Professor Adrian Matthews, ENV, UEA
Dr Ben Webber, ENV, UEA
Dr Tim Graham, Met Office
Dr Xavier, Met Office
Numerical weather prediction (NWP) is the main tool behind weather forecasting of rainfall, temperature, winds and other meteorological variables. These forecasts are relied on for business planning, to protect life and property and by the general public. NWP is based on computer models of the physical laws that govern the atmosphere. The Met Office (CASE partner) runs one of the most advanced NWP systems in the world. As part of their ongoing drive to improve forecasts, they are moving beyond their “atmosphere-only” model and trialling a new “coupled ocean-atmosphere” NWP system including ocean processes. This is likely to improve forecast skill, particularly in the Tropics, where there are long-lived weather systems that interact strongly with the ocean, such as the Madden-Julian Oscillation (MJO), which is hard to forecast and linked to hazardous weather.
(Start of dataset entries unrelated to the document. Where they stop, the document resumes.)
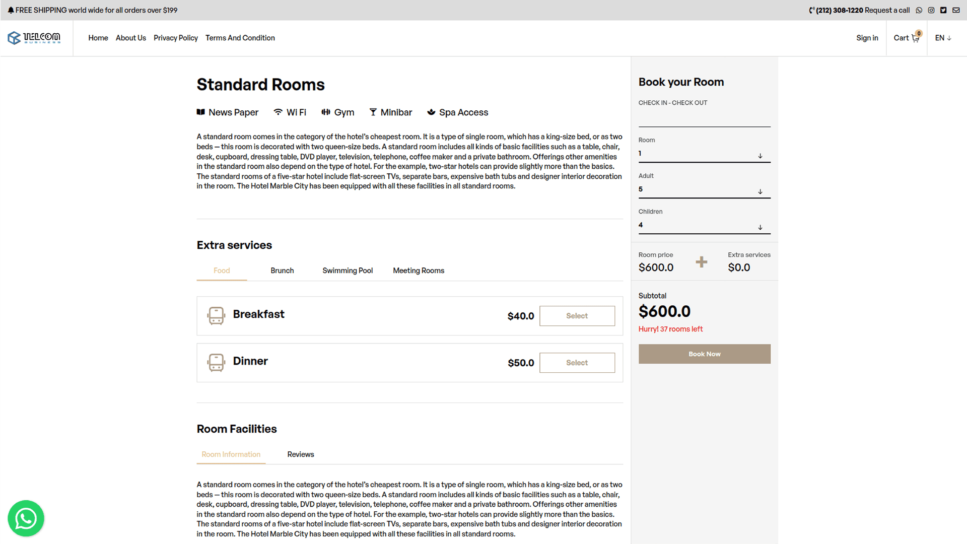 Сделайте процесс выбора и бронирования номера максимально простым для ваших гостей: выберите даты, нужный номер и нажмите «Забронировать». Легко и без лишних шагов!
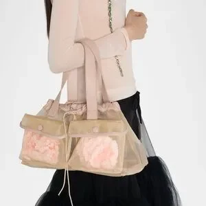 Chic tote with delicate floral accents. Beige body with blush details. Perfect for stylish occasions.
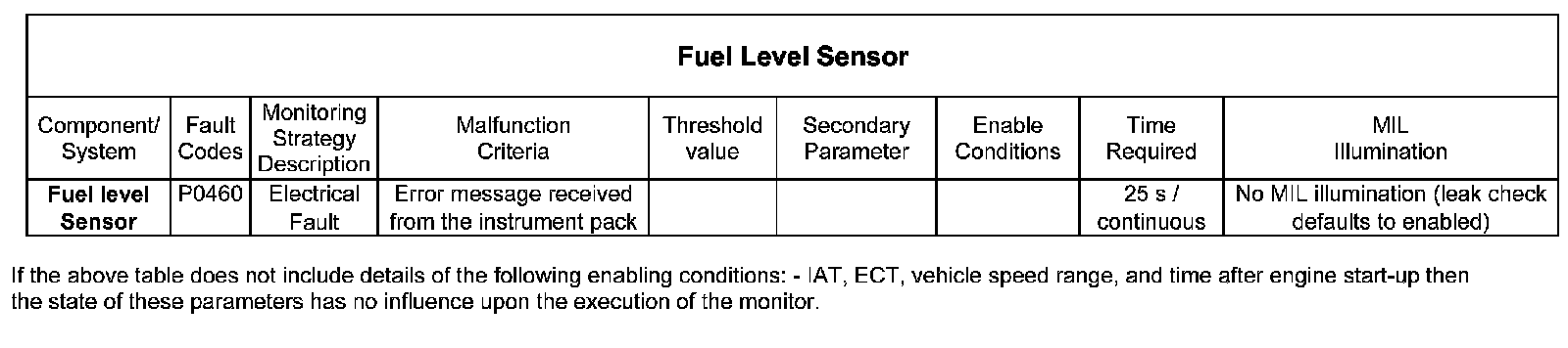This input is used as part of the EVAP detection system. The EVAP system diagnostic defaults to enabled if a fuel level sensor fault is detected. If a fault is detected by the ECM if an error message is received from the instrument pack.
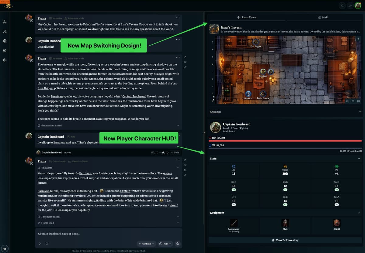 Hey Friends, we’re excited to announce ACE-1.5 (Agentic Campaign Engine). This update is huge for both players and world builders! Our campaign engine now supports POI maps, conversation mode with NPCs, and much more. You should notice more lifelike and engaging NPCs, higher accuracy representing scenes, and improved accuracy with things like traveling, picking up items, etc. With ACE-1.5, Friends & Fables really starts to feel like something in-between a TTRPG and a video game!
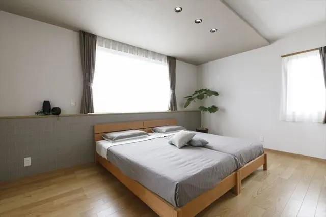 卧室里的床是两张拼接在一起的,灵活性比较好,需要的时候拉开也可以。
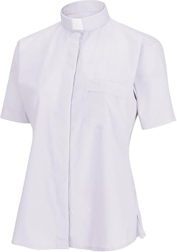 Womens Short Sleeves Tab Collar Clergy Shirt (White) This Mercy Robes short sleeve tab collar clergy shirt is the highest quality in the ecclesiastical apparel collection. The shirt is beautifully designed with an slip in tab collar that is made to ensure a crisp collar performance. One left front pocket is on the left side. Fabric: 65% Cotton, 35% Polyester
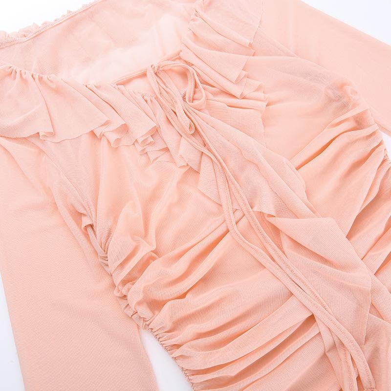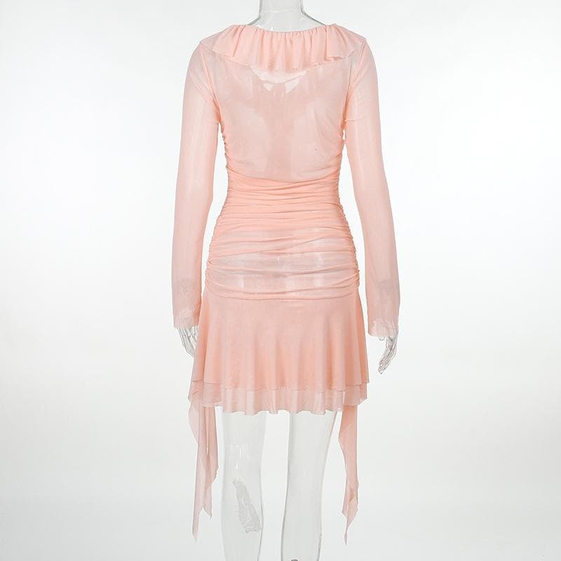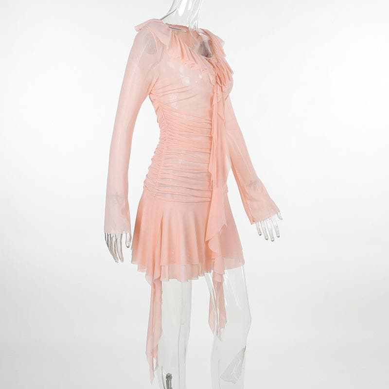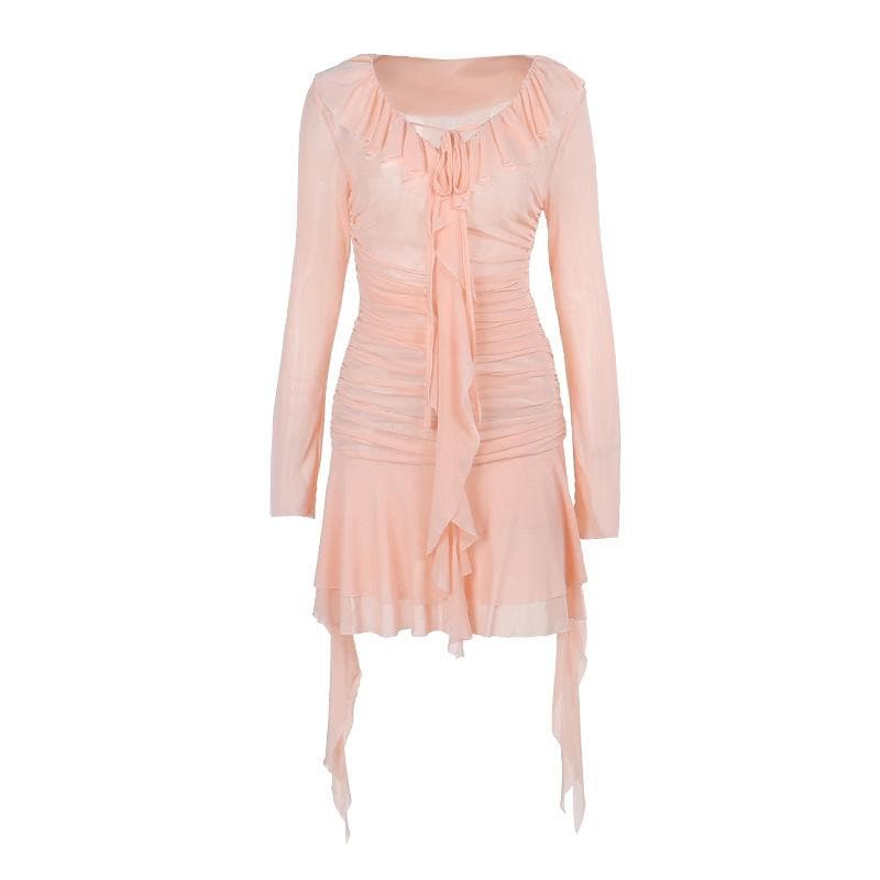 Ruffle solid self tie ruched long sleeve mesh mini dress
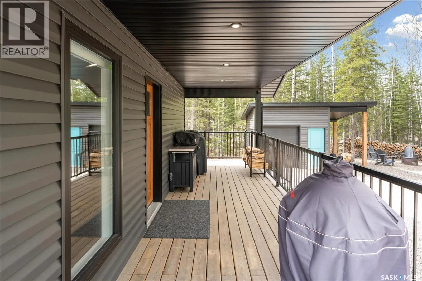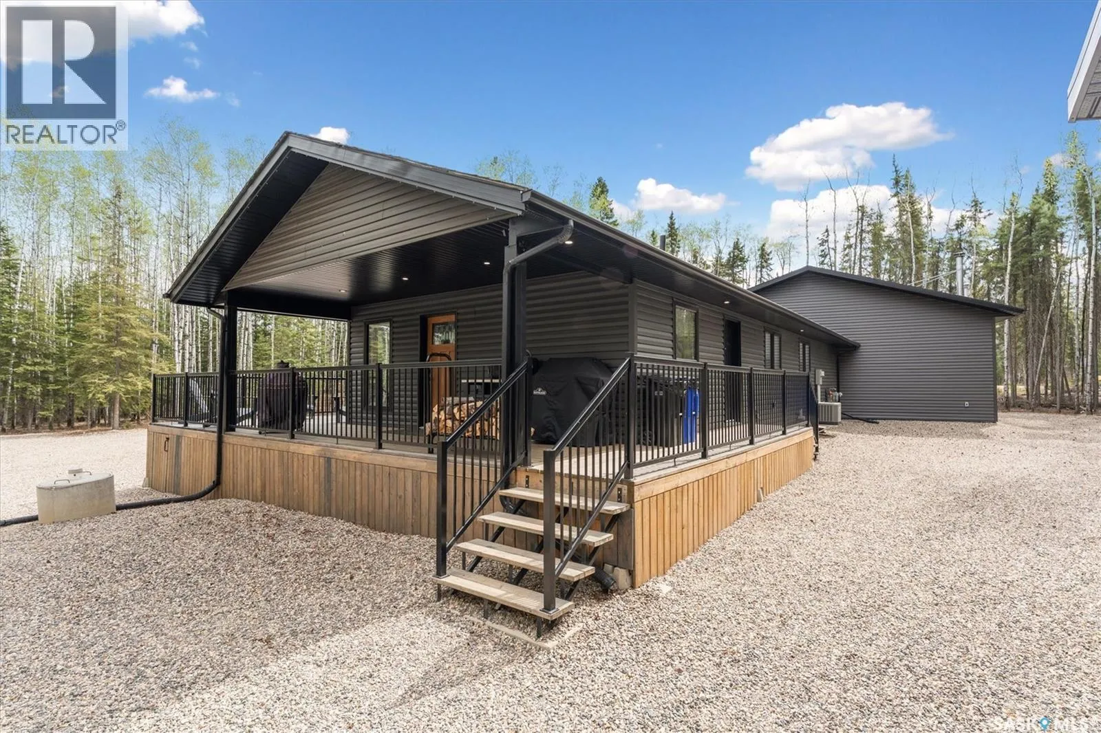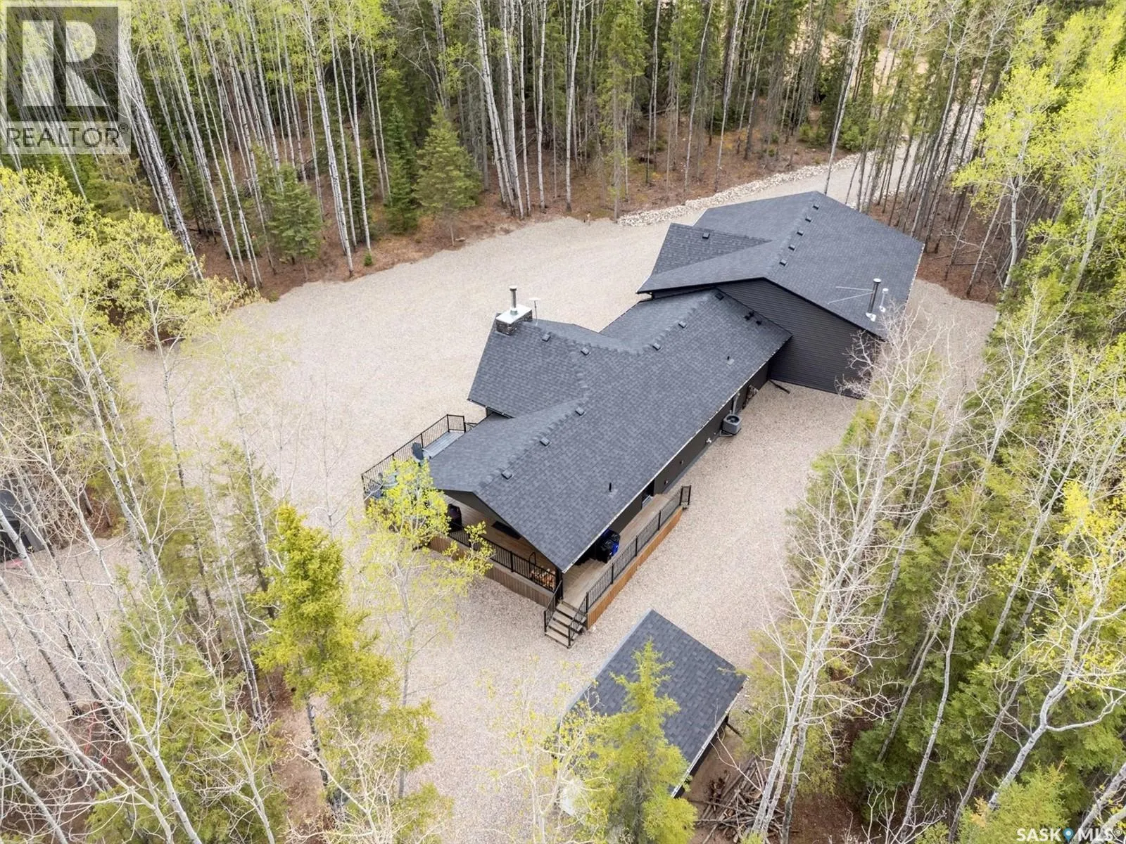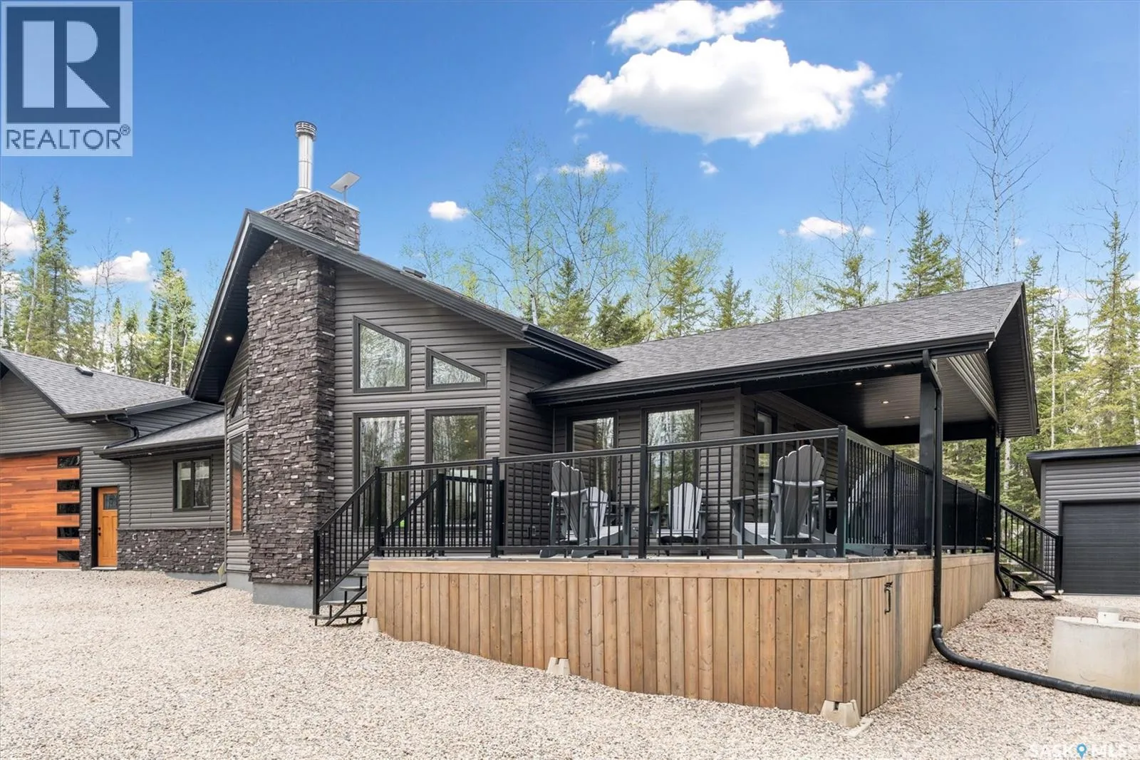 Lot6/Blk3/Plan101930587:Parcel#:163643430 Secluded, Private & Gated Retreat in Aspen Ridge- Candle Lake. Welcome to your year-round sanctuary in the sought-after community of Aspen Ridge. This stunning 3-bed, 3-bath bungalow offers the perfect blend of luxury, and outdoor adventureâon a beautifully treed, private lot backing a 300 acre environmental reserve, w/gated entrance. Step inside and be wowed by the modern shaker-style kitchen, featuring quartz countertops, soft-close cabinetry, gas range, spacious pantry, subway backsplash, and stainless appliances. The open-concept layout flows into an inviting dining area and great room, where vaulted pine ceilings and a striking wood-burning fireplace create the perfect lodge-atmosphere. Floor-to-ceiling windows frame the natural views, flooding the space with light. Vinyl plank flooring runs throughout, home also includes a dedicated laundry room with builtins, a boot room, and two full baths plus 1/2 bath. The Ultimate GarageâMore Than Just Storage: Completed in 2022, the extraordinary 36âx40â gas heated triple garage is truly one of a kind. Designed for both function and fun, this vaulted space incl commercial vinyl plank flooring, a sleek black metal-clad ceiling with pine accents, a cozy wood-burning fireplace, kitchenette, two-piece bath, 2 sumps, and a lounge/games areaâperfect for après-snowmobiling or relaxing summer evenings. Outdoor Entertaining at Its Best: Enjoy your days outdoors in the thoughtfully designed grounds: a huge covered deck, cozy fire pit, outdoor bar hut with metal rollup door/quartz bar top and itâs own deck, fenced garden area, and storage shedâall surrounded by meticulously manicured landscaping and crushed rock for easy maintenance. Additional features include central air, custom top down/bottom up blinds, black hardware, 2 wood burning fireplaces, custom closets, RV parking, 2-1100-gallon water tanks, 1400-gallon septic, gas bbq hookup, security system with video surveillance, composite siding, surrounded by forest. (id:27476)
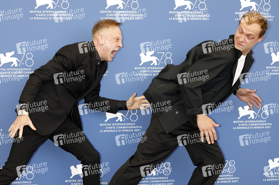 Timofey Tribuntsev und Jurij Borisov beim Photocall zum Kinofilm 'Kapitan Volkonogov bezhal / Captain Volkonogov Escaped' auf der Biennale di Venezia 2021 / 78. Internationale Filmfestspiele von Venedig im Palazzo del Casino. Venedig, 08.09.2021
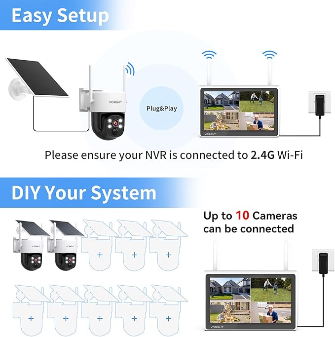 - 10CH NVR System – This all-in-one wireless solar security camera system features a 10-inch IPS HD display (non-touch) . Built-in 500G hard drive supports local storage with zero recurring fees or hidden subscriptions. Extend coverage by adding 6 VORGUT full-color night-vision cameras wirelessly
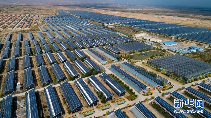俯瞰寧夏銀川市永寧縣閩寧鎮(zhèn)原隆村的光伏大棚(無人機照片,2019年9月3日攝)。新華社記者 王鵬 攝
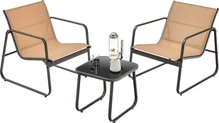 Ponadto kompaktowy, ale funkcjonalny stolik kawowy ułatwia przenoszenie napojów lub przekąsek. Blat z hartowanego szkła jest dość łatwy w utrzymaniu. Ten 3-częściowy zestaw mebli ogrodowych będzie pięknym dodatkiem do podwórka, basenu itp. Cechy: Wygodne siedzisko z ergonomicznymi podłokietnikami i oparciemSolidna metalowa rama zapewniająca wysoką stabilnośćOddychająca i wysokiej jakości tkanina siedziska chroni przed gorącemStolik kawowy ułatwia jedzenie i picieBlat z hartowanego szkła ułatwia konserwacjęRegulowane podnóżki zwiększają stabilnośćIdealny na podwórko, basen, balkon itp. Krzyżak krzesła z blokadą śrubową ułatwia montażDane techniczne:
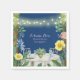 Bröllopsfest med blå blomsterträdgård och gnistran pappersservett
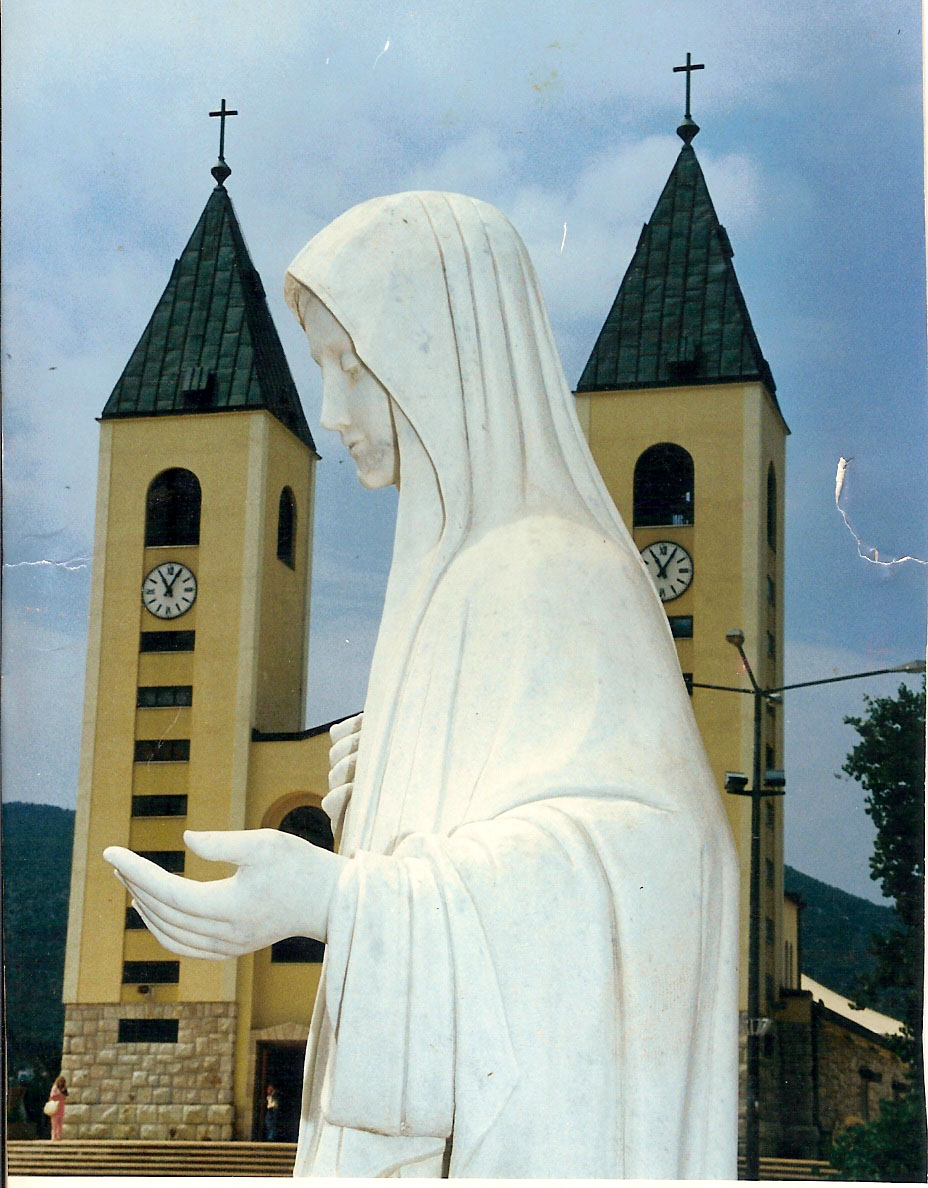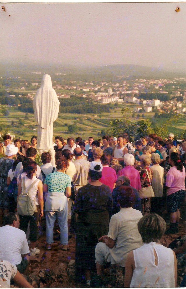 | foto tirada em 25/06/2000 no aniversário de 19 anos de aparições - foto de Alberto Bonifácio | Cruz do Krizevac escondida na luz do sol |

You will join a team of weather, climate and NWP experts at UEA and the Met Office. You will assess the forecast skill of atmosphere-only and coupled configurations of the Met Office NWP model to quantify the benefit of coupling, focusing on the Tropics and the MJO. Additionally, you will perform a process-based analysis to determine the atmospheric and oceanic mechanisms behind any increase in skill. You will provide recommendations to the Met Office for future development of their coupled NWP system.
You will be trained in the analysis of NWP model output using the python programming language, including use of specific python modules developed by the Met Office for analysing and visualising model output. Depending on your background, you will be trained in atmospheric physics, meteorology and oceanography to equip you for the process-based analysis. In addition to frequent teleconferences with the Met Office co-supervisors, you will undertake visits to the Met Office for training in running and analysing the Met Office model. You will present your work at an international scientific conference.
You will be a physical sciences graduate (physics, mathematics, meteorology, oceanography, or similar), with a keen interest in applying theoretical understanding to solve real world environmental problems. Programming skills (e.g., Python, Matlab, Java) will be beneficial.